Problem to solve ::
Set down, word for word, every line of the material below from the one containing "Integrating familiar cultural" through the one containing "[武汉四调]湖北省武汉市20", but none of its pictures.

══ Dataset

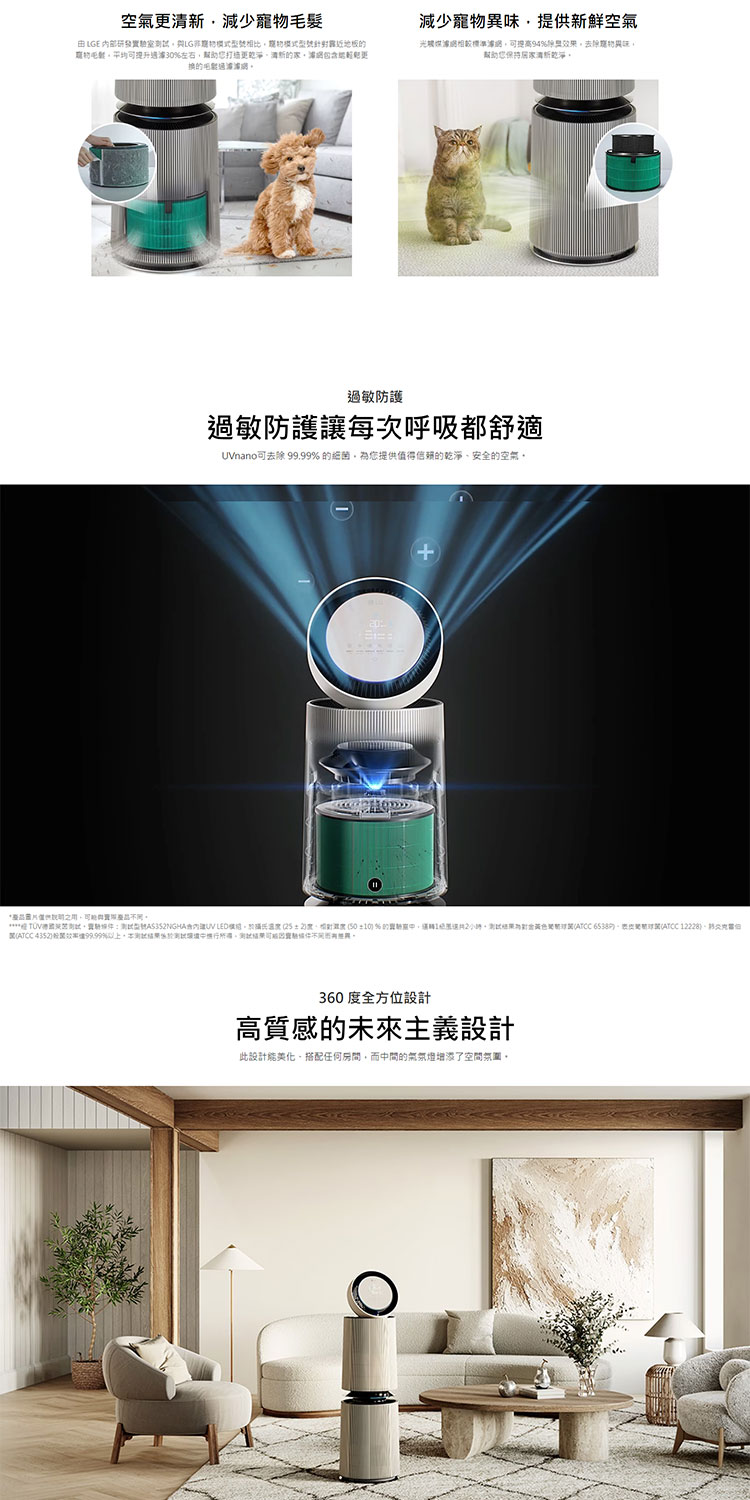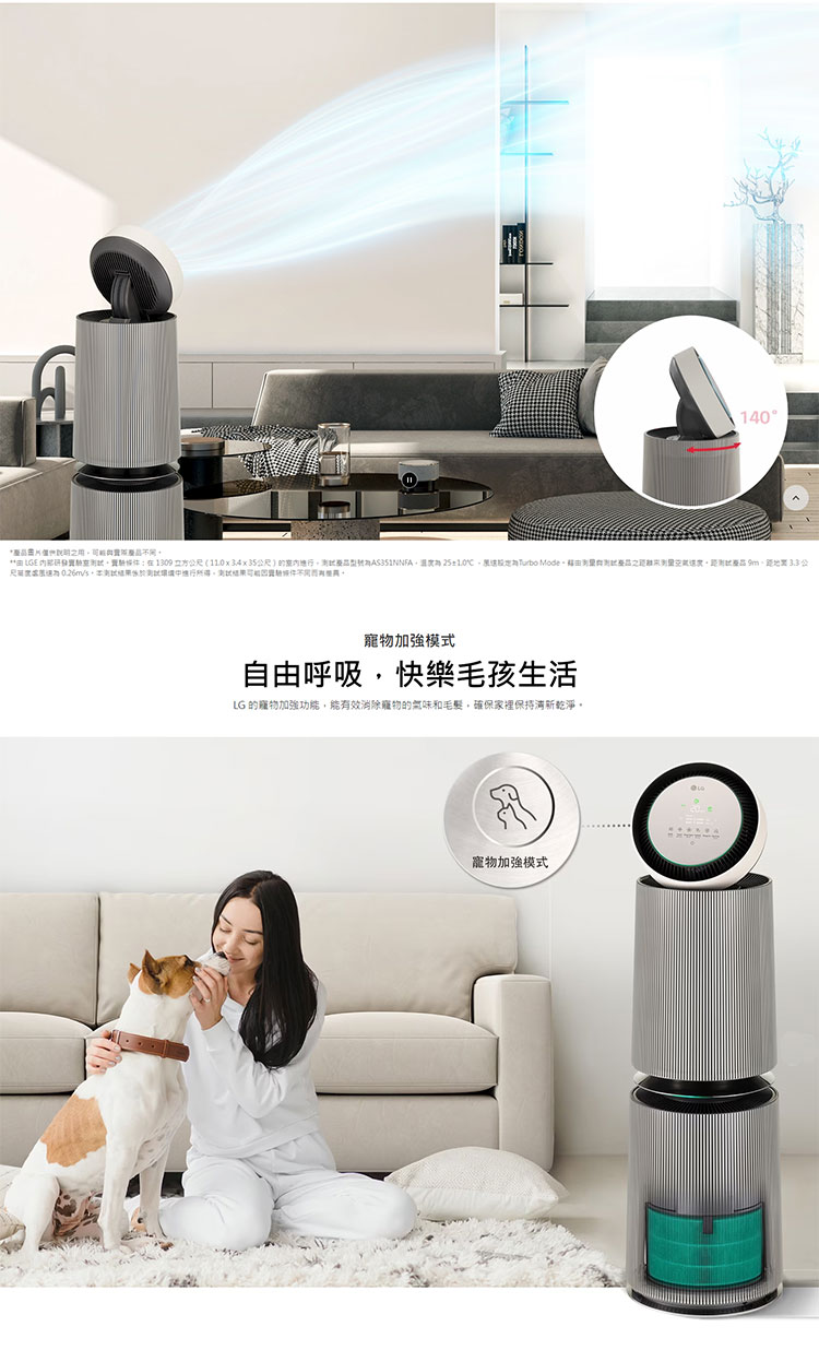 6. LG樂金 PuriCare寵物功能增加版二代雙層360度空氣清淨機 AS101DBY0~A【愛買】
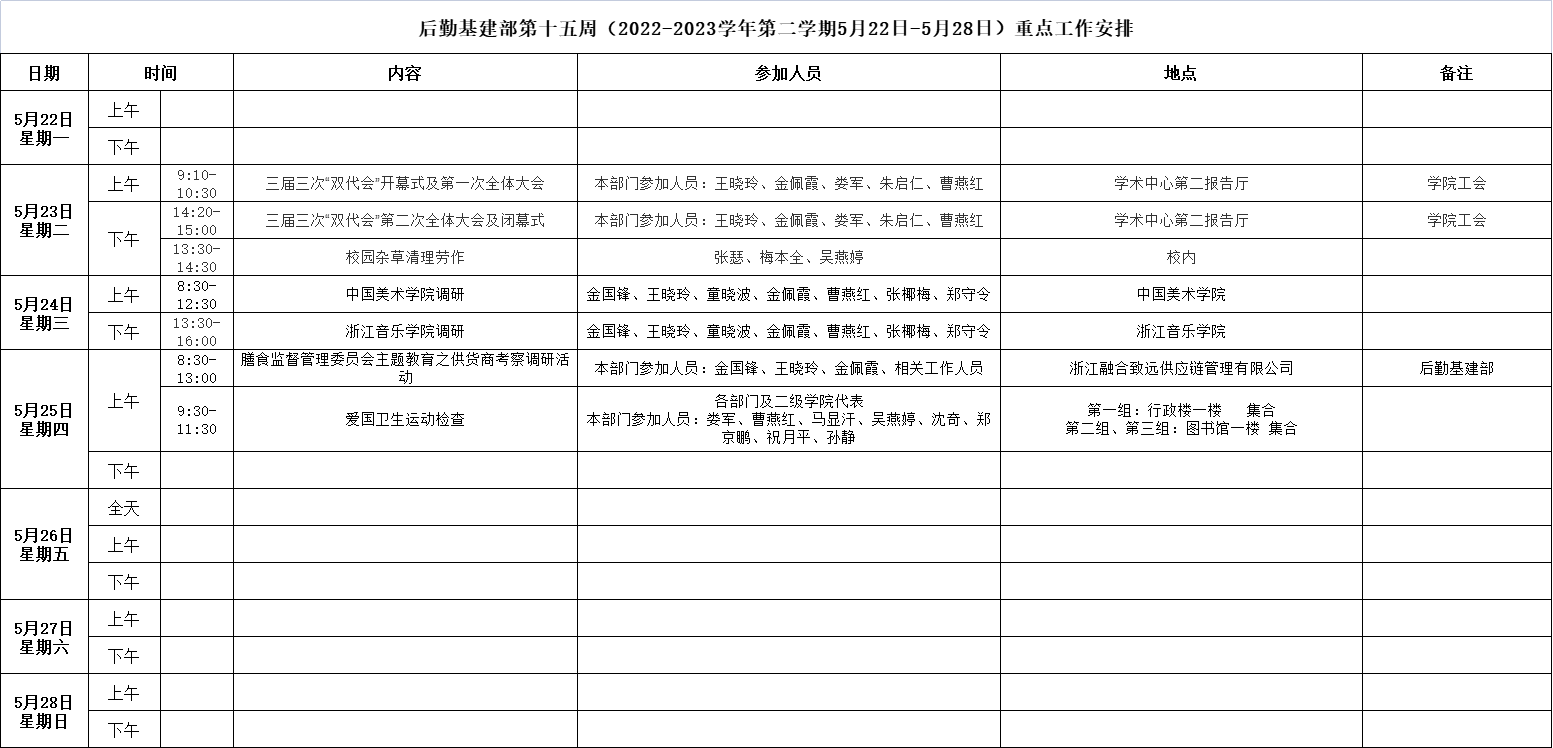 下一篇:后勤基建部第十四周(2022-2023学年第二学期5月15日-5月21日)重点工作安排
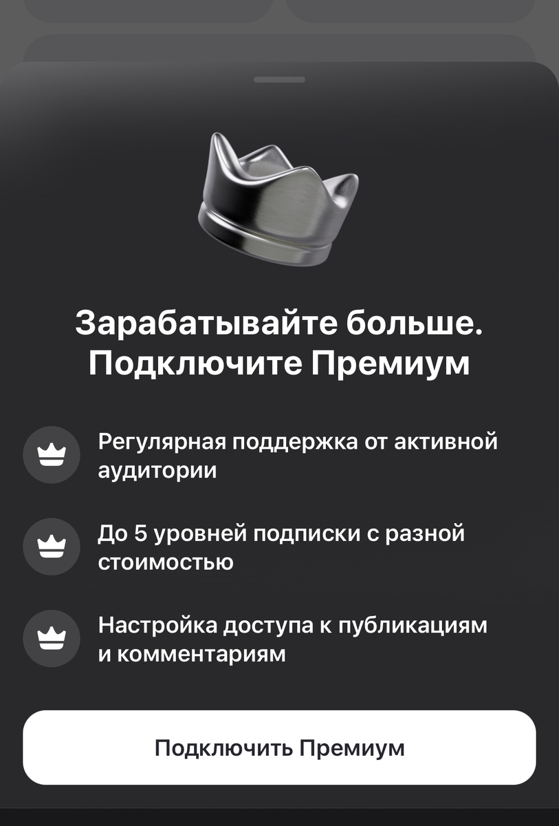 Вот и у меня появился кнопка подключения Премиум. Можно размещать платные публикации, собирать деньги с читателей и зарабатывать деньги. Там в описании функции так классно всё подсчитано, говорят, что можно 180 000 рублей в месяц поднять на платных подписках. Я не пробовала, подтвердить не могу. Что размещать за деньги? Можно фотографии, например, интересные. Или видео. За что там народ обычно отдает деньги? Про фото и видео - это сарказм, конечно был. Пока я эту возможность использовать не буду. Как-то неловко брать деньги за тот бред, что я здесь размещаю. Это же развлекательный контент, чтобы почитать утром за завтраком или не за завтраком. Все в разных местах читают по утрам. С другой стороны, хорошо, что такая возможность есть. Иметь выбор - это всегда здорово. Я же не знаю, что будет в будущем, а вдруг я однажды проснусь и как начну создавать супер-ценный контент, за который аудитория будет готова платить. Так что пусть кнопочка будет в личном кабинете. Хлеба она не проси
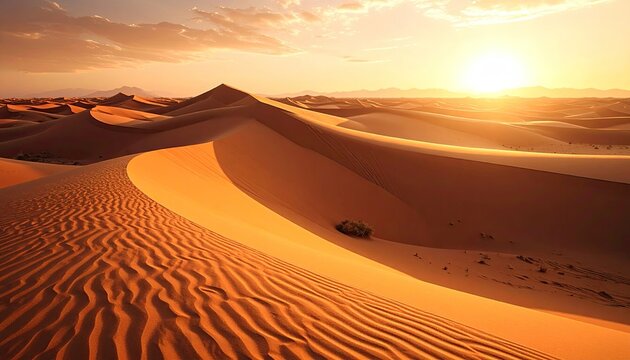 A captivating desert landscape under the warm, golden glow of a setting sun
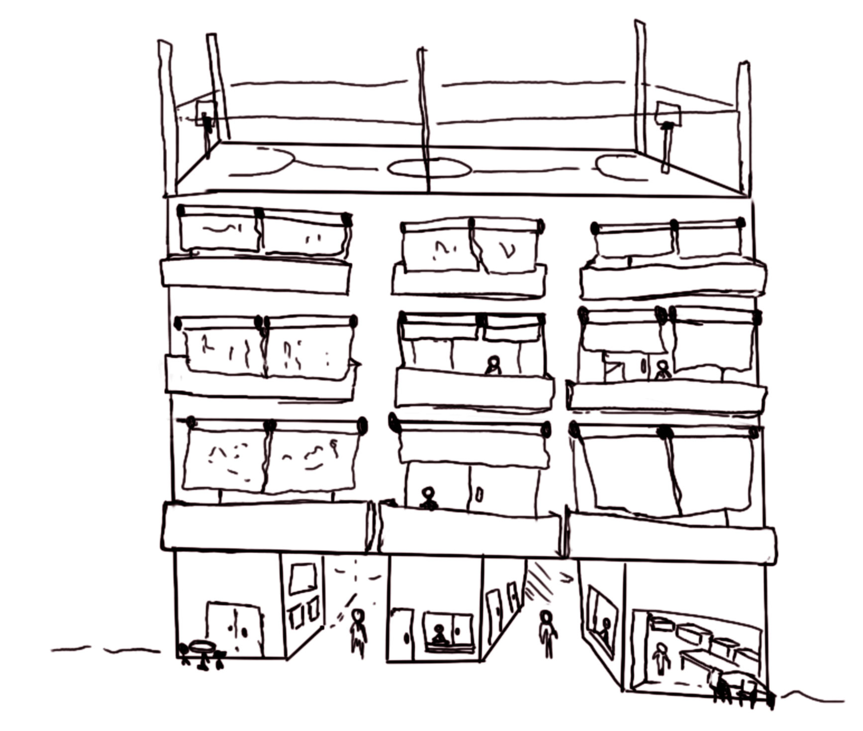 Integrating familiar cultural elements, communal spaces, and sustainable features creates welcoming environments that ease transitions for newcomers. Our innovative design unites housing, hotel, and library into a cohesive whole with an open ground floor encouraging connection and accessibility. The roof plays a central role, providing shelter and acting as a communal sports and recreation space, symbolizing unity and promoting health and community spirit.
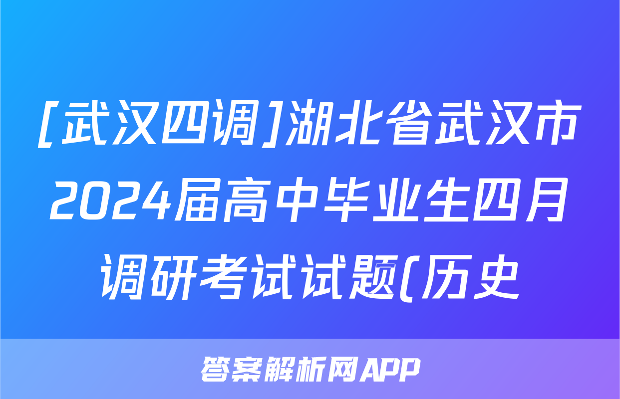 [武汉四调]湖北省武汉市2024届高中毕业生四月调研考试试题(历史)正在持续更新,目前2026天舟高考答案网为大家整理了相关试题及答案,供大家查缺补漏,高效提升成绩。
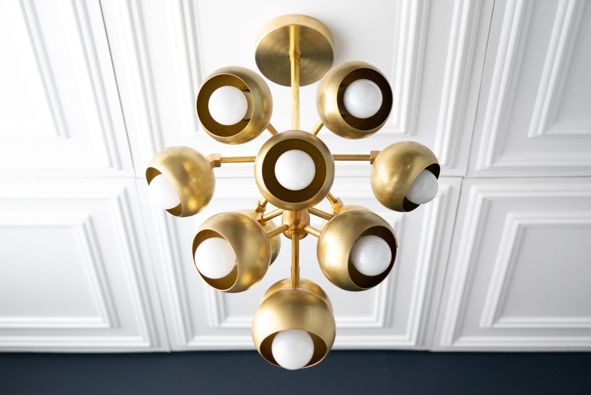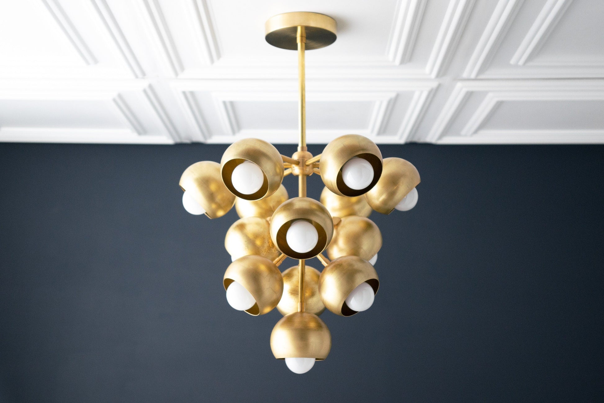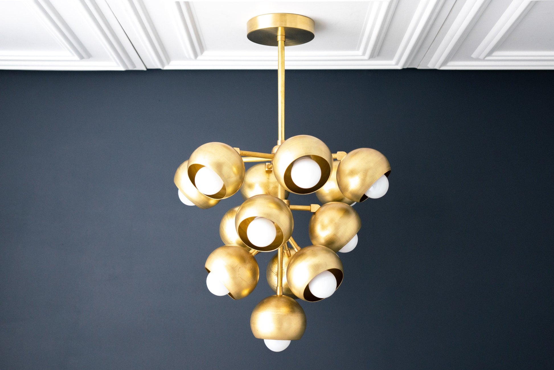 13 Brass Dome Chandelier - Modern Chandelier - Cluster Chandelier - Hanging Lights - Stairway Light - Unique Light - Model No. 3198
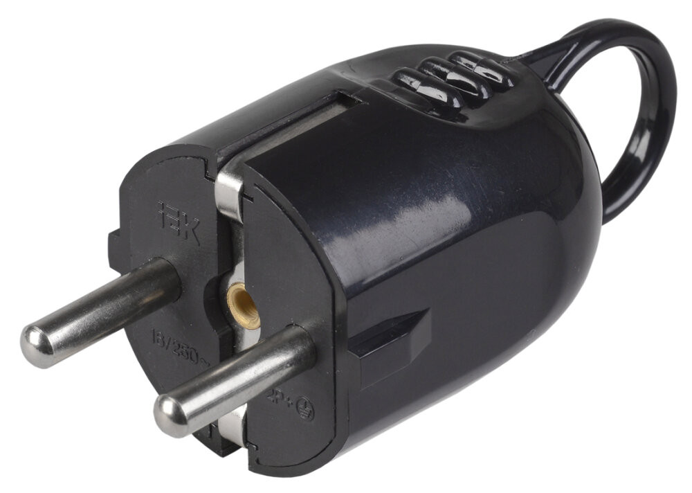 Полное описание товара Евровилка угловая с ушком черная 16 А (IEK) EVP12-16-01-K02

════

Exercise answer ::
 Integrating familiar cultural elements, communal spaces, and sustainable features creates welcoming environments that ease transitions for newcomers. Our innovative design unites housing, hotel, and library into a cohesive whole with an open ground floor encouraging connection and accessibility. The roof plays a central role, providing shelter and acting as a communal sports and recreation space, symbolizing unity and promoting health and community spirit.
 [武汉四调]湖北省武汉市2024届高中毕业生四月调研考试试题(历史)正在持续更新,目前2026天舟高考答案网为大家整理了相关试题及答案,供大家查缺补漏,高效提升成绩。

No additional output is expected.